17 February 2011

CS education is important for scientists

Philip Wadler's recent blog post "Scientific programming does not compute" draws attention to a Nature article from last October : "...Error ...why scientific programming does not compute" (Nature 467, pp.775-777 - 14 October 2010)

This article has some wonderful examples of why CS education is important to students interested in pursuing a career in the sciences.
Researchers are spending more and more time writing computer software to model biological structures, simulate the early evolution of the Universe and analyze past climate data, among other topics.
and
As a general rule, researchers do not test or document their programs rigorously, and they rarely release their codes, making it almost impossible to reproduce and verify published results generated by scientific software, say computer scientists.
Although I imagine that computer scientists probably said that they rarely release their "code". Why is it so difficult for writers (and Hollywood) to understand that computer programming "code" is a mass noun (like "water"), and not a count noun (like "pumpkin"). I can only guess that people are confused by things like "secret codes" and think computer code is the same. Anyway, I digress...

So continuing with choice quotes from the article, a Toronto-based computer scientists named Greg Wilson conducted an online survey about the programming habits of scientists back in 2008. He received nearly 2000 responses and reported the following results:
45% said scientists spend more time today developing software than five years ago.
38% of scientists spend at least one fifth of their time developing software.
Only 47% of scientists have a good understanding of software testing. 
Only 34% of scientists think that formal training in developing software is important..
Wilson also added:
"There are terrifying statistics showing that almost all of what scientists know about coding is self-taught," says Wilson. "They just don't know how bad they are."
Why does this matter?
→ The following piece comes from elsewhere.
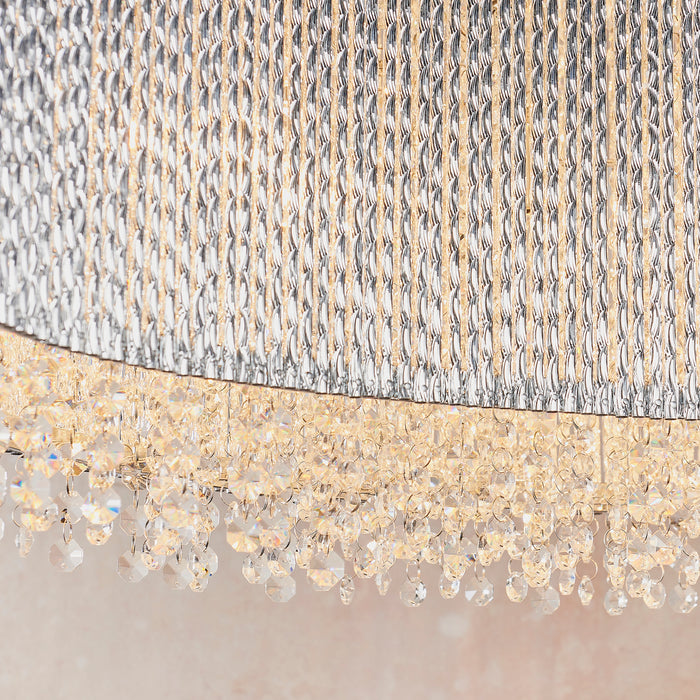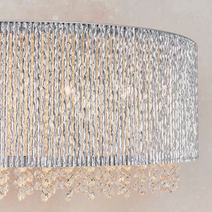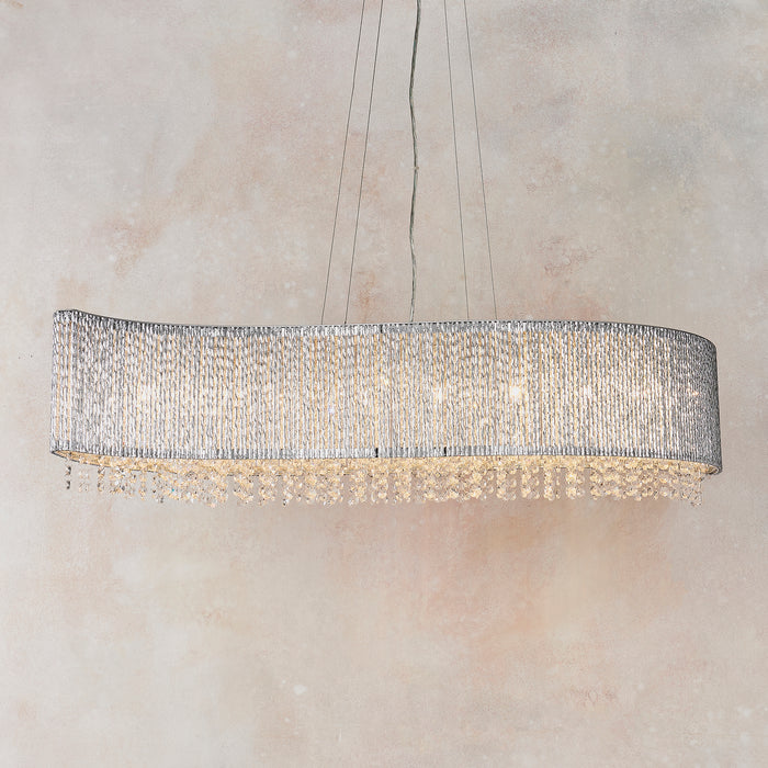 Product DescriptionThe perfect opulent linear pendant, create striking light patterns with thousands of high quality crystals housed within decorative twisted polished chrome rods formed into a unique sweeping wave shape, the perfect centrepiece for the most loved rooms of your home.
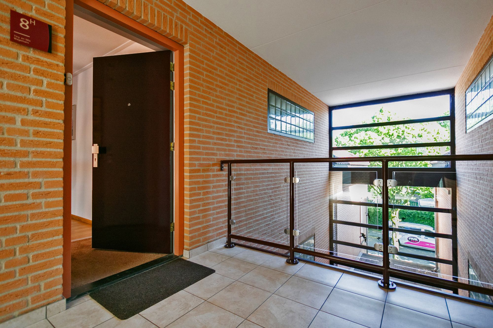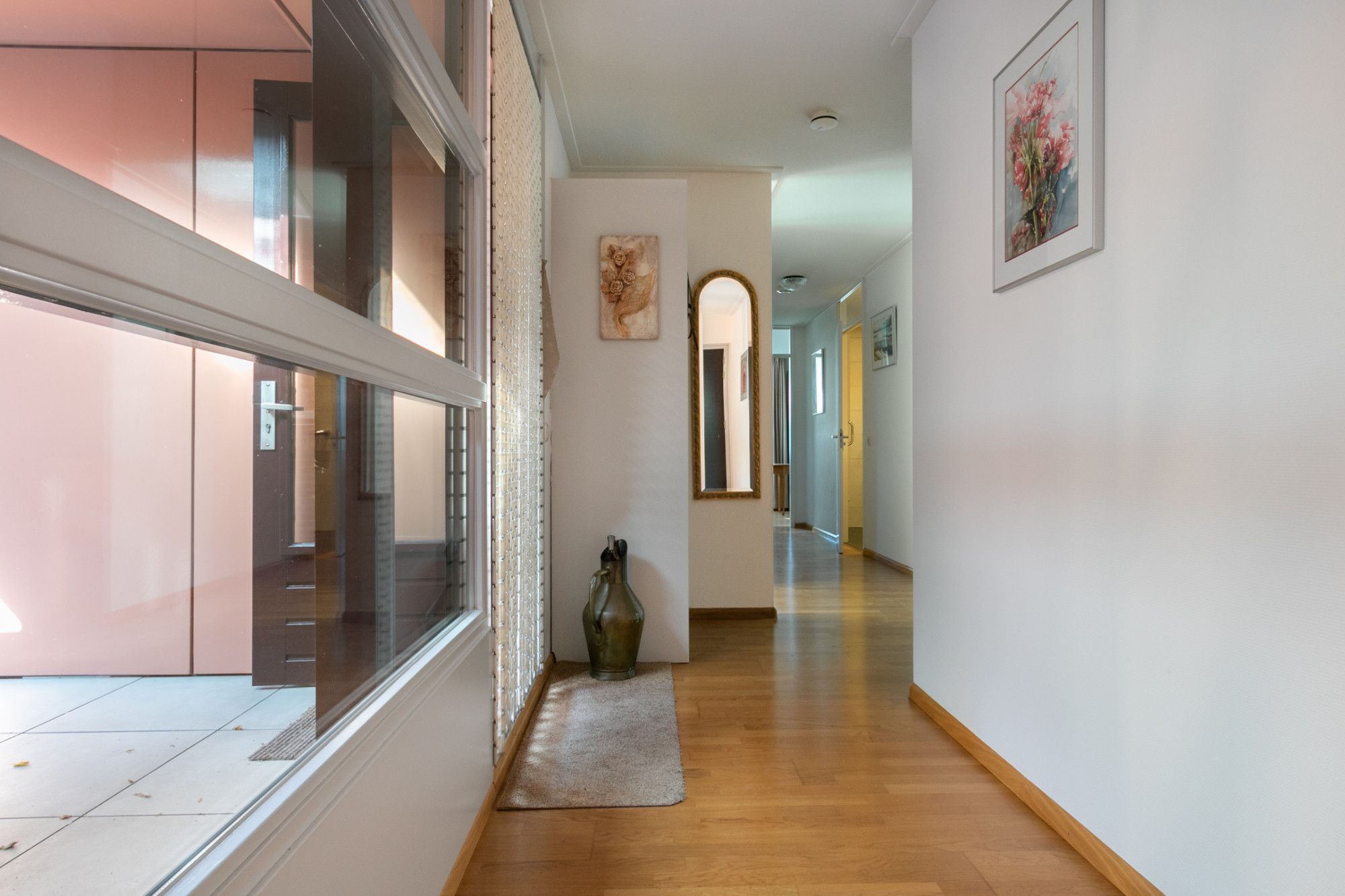 Entree via de gezamenlijke hal waar je de trap kunt nemen of de lift kunt kiezen naar de bovenste verdieping, waar het appartement zich bevindt. De lange hal is de centrale spil van het appartement. Het terras, de woonkamer, slaapkamers, badkamer, toilet, meterkast en grote bergruimte zijn vanuit de gang bereikbaar.

Well,. this lack of proper programming skills can lead to data being misinterpreted and incorrect results being published:
As a result, codes [grrr...] may be riddled with tiny errors that do not cause the program to break down, but may drastically change the scientific results that it spits out.
The article then provides a number of interesting real-world examples:

  • A structural biology group at a research center needed to retract 5 previously published papers when they found a bug in the program that analyzed their data.
  • A computational biologist wrote some code based on assumptions that were valid for his work, but another group re-used his code in a different scenario where these assumptions did not hold true.
  • The code used to analyze data from the Large Hadron Collider is so complex and convoluted that it is difficult for new researchers to come in and test or modify the code

What does the article suggest we do about this problem?
In the long tern, though, [software developer Nick] Barnes says that there needs to be a change in the way that science students are trained.
and
Science administrators also need to value programming skills more highly, says David Gavaghan, a computational biologist at the University of Oxford, UK.
In some sense, the article is calling for better software engineering skills (including documenting and testing) rather than raw programming skills. But the programming fundamentals need to come first for everyone.

The crisis in K-12 computer science education is really a crisis for all the sciences.